Now it should be no surprise why the global Salafist jihadists—from Al Qaeda to IS, Boko Haram, Al-Shabab, Harka-tul- Jihad wal-Hijrah, Jabhat-ul-Nasrah, Tehrik-e-Taliban Pakistan etc.—are avowedly spreading their ‘religion’ and the ‘guiding book’ with a supporting sword, playing havoc across much of the world.

At a time when the Salafism-inspired preachers and televangelists like Naik, massively funded by the Saudi largesse, are influencing a large section of the gullible Muslim youth in India, I wonder why we Indian Muslims should not concern ourselves with this imminent threat. Let us not forget the influence of the same ferocious Salafi-Wahhabi thought playing out in the attack on the famous Sufi Qawwal Amjad Sabri recently killed in our neighboring country, Pakistan. Clearly, his brutal killing was not an ordinary terror incident. It was a part of the ideological war on the Sufi culture of Qawwali, which is viewed as haram (religiously forbidden) in the doctrine of Salafis-Wahhabis.

Similarly, they declare seeking the spiritual blessings from the Prophet (pbuh) tantamount to shirk (associating someone with God), the gravest offense in the Islamic sharia leading to the capital punishment in an Islamic state. The late Amjad Sabri was targeted by the self-styled jihadist murderours because he would openly indulge in something which was ‘shirk’ in their faith. He used to seek blessings from the Prophet Muhammad (pbuh) in his famous Sufi Qawwali which goes like this: “bhar do gholi meri ya Muhammad….laut ke main na jaunga khali… (O’ Prophet, (pbuh) grant me your blessings, I will not go empty-handed).

Being a Salafist preacher, Zakir Naik and his staunch ideological supporters also consider the Sufi singers beyond the pale of Islam, because ‘they indulge in ‘haram’ and ‘shirk’ by singing Qawwali and seeking blessings from prophets and saints, other than God’. In a public speech aired on his Peace TV, Naik went on record overtly attacking such Sufis, saying that, "aaj ke dau men Muhammad (pbuh) se bhi mangna shirk hai, in fakiron aur babaon ki baat to choro" (It's an act of shirk to seek blessings even from Muhammad pbuh in this age, let alone the Sufi saints and holy men).

Clearly, this is the ideological nexus between the pernicious and exclusivist theology of takfirism and the attack on the Sufi and Shia individuals.

Regrettably, Naik has often denigrated the Sufi practitioners tagging them "qabr parast" (shrine-worshippers) likening their 'shirk' to the ‘Hindu idolatry’ (but parasti).
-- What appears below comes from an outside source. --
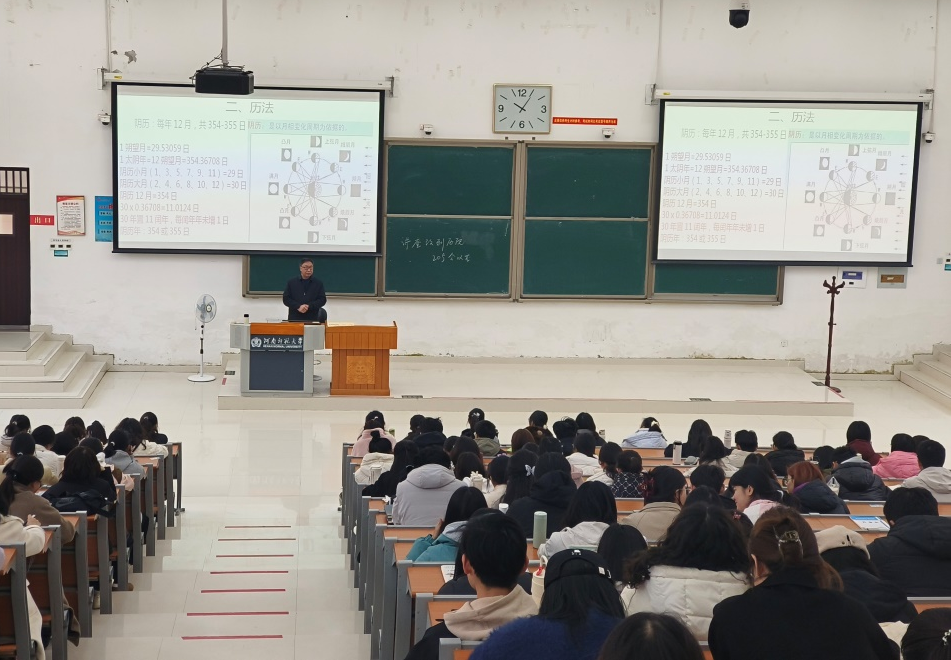 李峰以“日月时年的循环”为切入点,从循环观念、五德之说等方面深入浅出地讲解了中国传统历法的演变过程,引导同学们挖掘节日文化背后所蕴含的社会历史信息,进一步提升民族自信。李峰表示,中国传统节日是中华优秀传统文化的重要组成部分,承载着中华民族的精神追求和文化基因,希望全体同学深入了解中国传统节日文化,传承中华文明,坚定文化自信。

The direct result of this sectarian indoctrination is that Naik’s blind followers tacitly support the killing of the Sufi practitioners like Amjad Sabri in Pakistan, calling it “a fitting punishment to the idolaters”. While the mainstream Sufi-Sunni Muslims in India commemorated Sabri’s demise as that of a martyr and strongly condemned the terror attack on him, not a single Salafi preacher came out to speak in unison.

It is about time not only the media and journalists but also the progressive Indian Islamic scholars, particularly ulema, will have to confront Zakir Naik, questioning him on his blatant attempts to twist the Islamic doctrines misinterpreting the Qur’anic verses and hadith (prophetic tradtions) to further the nefarious Salafist ends in India.